Modern Slavery: co-ordinated action critical to helping victims

02 May 2018

The Public Accounts Committee finds Government still lacks data and systems to properly understand the crime, its victims and perpetrators.

Government does not know how much money it spends tackling modern slavery

The Home Office introduced an ambitious Modern Slavery Strategy in 2014, but it has taken too long to learn what works in the system, to understand the complexities of the crime and to turn the strategy and the Modern Slavery Act into an effective and co-ordinated approach across government.

Government does not yet have the data or systems to understand the crime, the demographics and circumstances of the victims and the perpetrators, making the digitisation of the National Referral Mechanism (NRM) a priority.

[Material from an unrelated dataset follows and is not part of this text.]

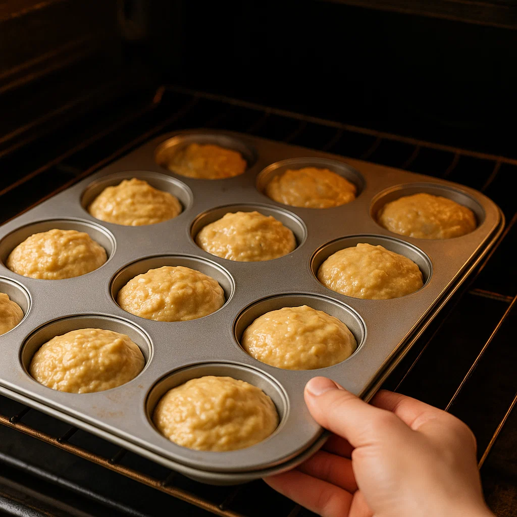Pour the muffin batter evenly into the prepared muffin pan, filling each cup about ¾ full. Bake in preheated oven for 18 to 20 minutes or until a toothpick inserted in center comes out clean. The top should be golden brown and slightly firm to the touch.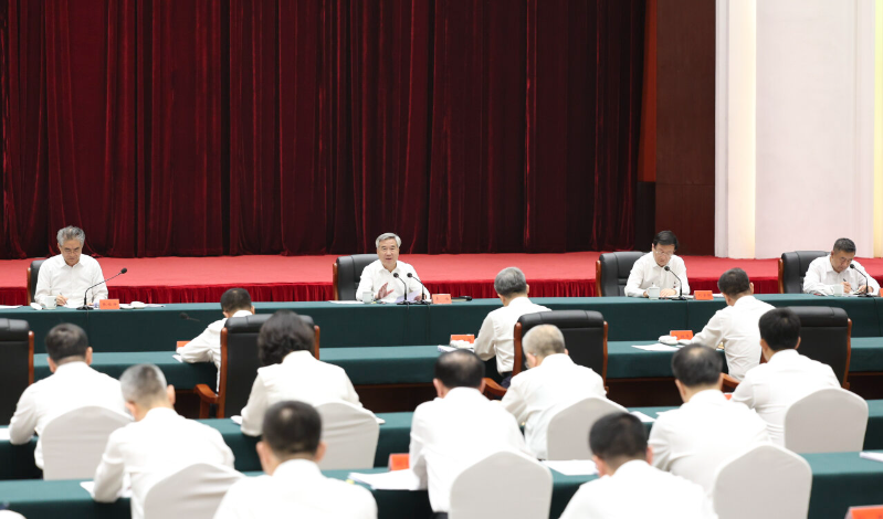 7月2日至5日,中共中央政治局常委、中央纪委书记李希到山西调研。这是7月4日,李希在太原主持召开座谈会,了解纪检监察机关深入推进全面从严治党、正风肃纪反腐、开展党纪学习教育等情况,并听取意见建议。 新华社记者 丁海涛 摄

Nor does it know how much money it spends tackling modern slavery or what success looks like, meaning it cannot establish whether its strategy is working or how it should prioritise its actions.

No minimum care standards put in place

Potential victims are waiting far too long for a decision on whether they will be treated as a victim of modern slavery, causing further distress and anxiety to vulnerable people.

The Department has not put in place minimum care standards and it does not inspect the level of care provided to potential victims, so it does not know whether or not victims are receiving adequate care.

The Department also does not know what happens to victims after they have gone through the system and whether, for example, they have been trafficked again.

Chair's comments

Comment from Committee Chair, Meg Hillier MP:

"Victims of modern slavery can face unimaginable horrors but the Government’s good intentions have yet to result in coherent action to help them.

Government cannot hope to target resources in an effective manner until it properly understands the scale and nature of the challenge. This crime is complex and a piecemeal approach will not cut it.

Government must get a grip on what works and what doesn’t; when things change, it must be sufficiently informed and agile to respond.

There are flaws to address in the action it has taken thus far. Compliance with supply chains legislation is dismal and long waits in the referrals system are compounding the distress of potential victims.

Monitoring of victim support services is poor and there are worrying variations in the response of local police forces.

Brexit may complicate the picture further and it is critical that Government acts swiftly on the concerns set out in our report."